Resveratrol inhibits the proliferation, invasion, and migration, and induces the apoptosis of human gastric cancer cells through the MALAT1/miR-383-5p/DDIT4 signaling pathway.

Abstract

We aimed to study the effects and potential mechanism of resveratrol (RS) in gastric cancer (GC). The human GC cell line SGC7901 was treated with different concentrations of RS (0, 1, 5 µM) for 24 hours. The messenger ribonucleic acid or protein expressions levels of metastasis-associated lung adenocarcinoma transcript 1 (MALAT1), micro ribonucleic acid-383-5p (miR-383-5p), and DNA damage-inducible transcript 4 (DDIT4) in GC cells were determined by Western blot and quantitative real-time polymerase chain assays. Cells were then transfected with miR-383-5p inhibitor (inhibitor), inhibitor negative control (NC), MALAT1-interfering RNA (si-MALAT1), si-DDIT4 and negative interference control (si-NC). The Cell Counting Kit-8 method, scratch assay, and transwell assay were performed to evaluate cell proliferation, migration, and invasion.

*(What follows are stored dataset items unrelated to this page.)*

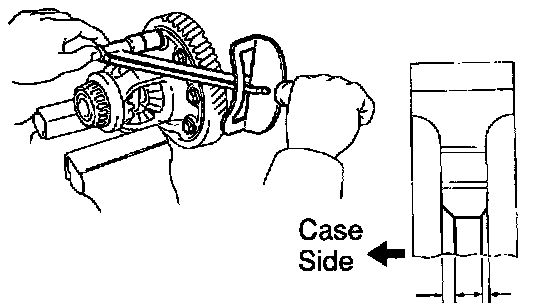 Measure the side gear backlash while holding one pinion gear toward the case.
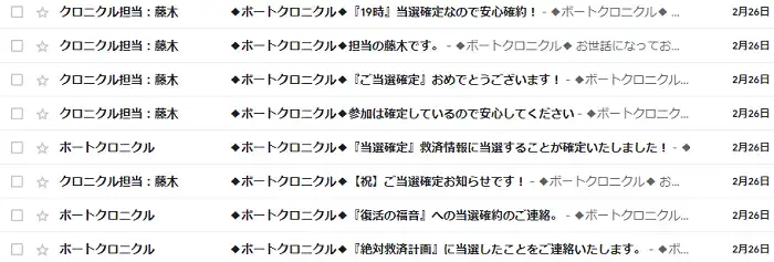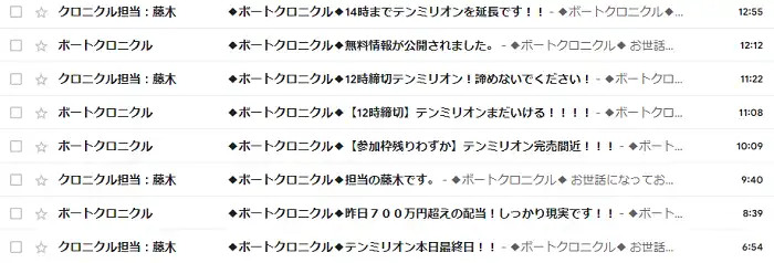 ボートクロニクルからは1日に平均で7〜8通程度のメールが届きます。
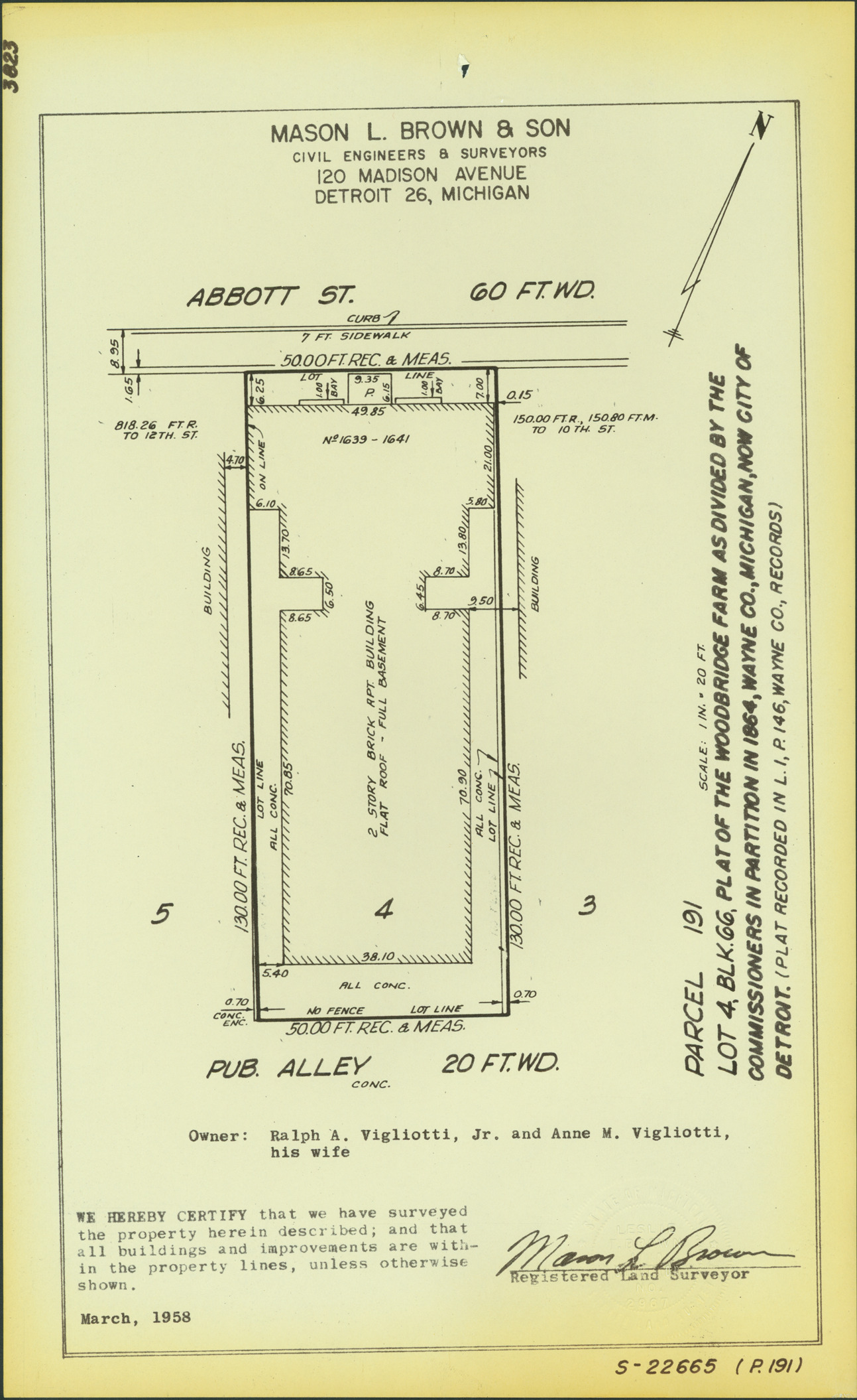 Plat map for property located on Abbott, parcel 191, lot 4. Recorded on map: "Blk. 66, plat of the Woodbridge Farm as divided by the Commissioners in partition in 1864, Wayne Co., Michigan, now city of Detroit. (Plat recorded in L. 1, P. 146, Wayne Co., records.) Mason L. Brown & Son, civil engineers & surveyors, 120 Madison Avenue, Detroit 26, Michigan. We hereby certify that we have surveyed the property herein described; and that all buildings and improvements are within the property lines, unless otherwise shown, [signed] Mason L. Brown, registered land surveyor."

Additionally, flow cytometry was used to examine apoptosis, and the target relationship was examined by a luciferase-reporter gene analysis. RS treatment downregulated the expression of MALAT1, repressed cell proliferation, inhibited cell migration and invasion (all P<0.05), and induced apoptosis (P<0.05) in GC cells. When the cells were treated with RS and inhibited the expression of MALAT1 meanwhile, the above anti-cancer effects were more significant (all P<0.05). Target prediction and the luciferase-reporter gene analysis showed that MALAT1 targeted miR-383-5p (P<0.05). When suppressing the expression of MALAT1 and miR-383-5p, the anti-cancer effects caused by the silencing of MALAT1 were absent (all P<0.05). We also found that miR-383-5p targeted DDIT4 protein. When the expression of miR-383-5p and DDIT4 in the GC cells was inhibited, the promoting cancer effects caused by the inhibition of miR-383-5p were reversed (all P<0.05). This study found that RS inhibited the proliferation, migration, and invasion of human GC cells through the metastasis-associated lung adenocarcinoma transcript 1 (MALAT1)/miR-383-5p/DDIT4 pathway and induced apoptosis.